**Problem to work on**
For the records that follow, please set down exactly the lines between the one holding "Portrait of a" and the one holding "7.3.1 Buy Wilson", inclusive, and only those.

**Supplied data**
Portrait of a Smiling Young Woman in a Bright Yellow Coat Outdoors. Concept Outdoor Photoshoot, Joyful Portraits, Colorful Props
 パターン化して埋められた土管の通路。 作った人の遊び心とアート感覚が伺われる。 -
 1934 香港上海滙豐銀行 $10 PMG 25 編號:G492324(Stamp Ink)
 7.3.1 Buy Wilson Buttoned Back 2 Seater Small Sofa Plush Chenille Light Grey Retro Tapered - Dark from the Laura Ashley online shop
==
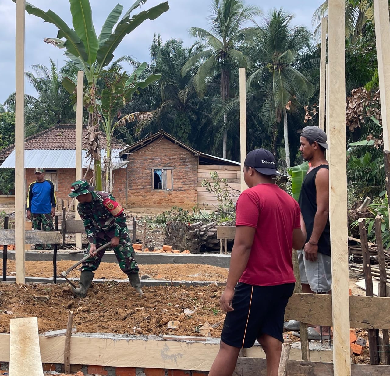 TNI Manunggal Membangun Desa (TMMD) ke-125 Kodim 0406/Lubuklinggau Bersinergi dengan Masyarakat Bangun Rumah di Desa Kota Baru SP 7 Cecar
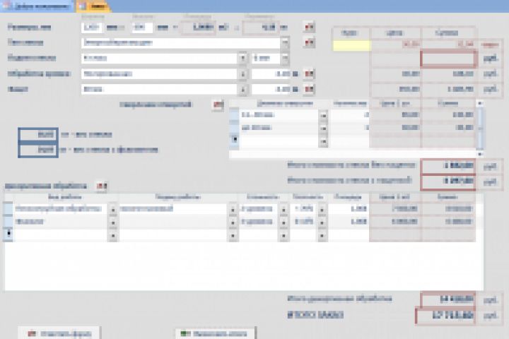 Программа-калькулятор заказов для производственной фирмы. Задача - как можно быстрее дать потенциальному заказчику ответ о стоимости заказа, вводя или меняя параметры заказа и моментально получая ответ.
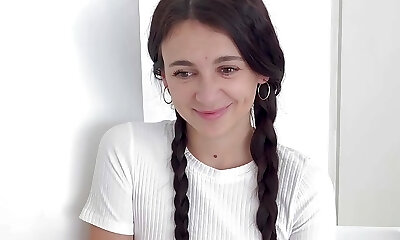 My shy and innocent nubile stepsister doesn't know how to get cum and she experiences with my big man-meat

**Reply to the exercise**
Portrait of a Smiling Young Woman in a Bright Yellow Coat Outdoors. Concept Outdoor Photoshoot, Joyful Portraits, Colorful Props
 パターン化して埋められた土管の通路。 作った人の遊び心とアート感覚が伺われる。 -
 1934 香港上海滙豐銀行 $10 PMG 25 編號:G492324(Stamp Ink)
 7.3.1 Buy Wilson Buttoned Back 2 Seater Small Sofa Plush Chenille Light Grey Retro Tapered - Dark from the Laura Ashley online shop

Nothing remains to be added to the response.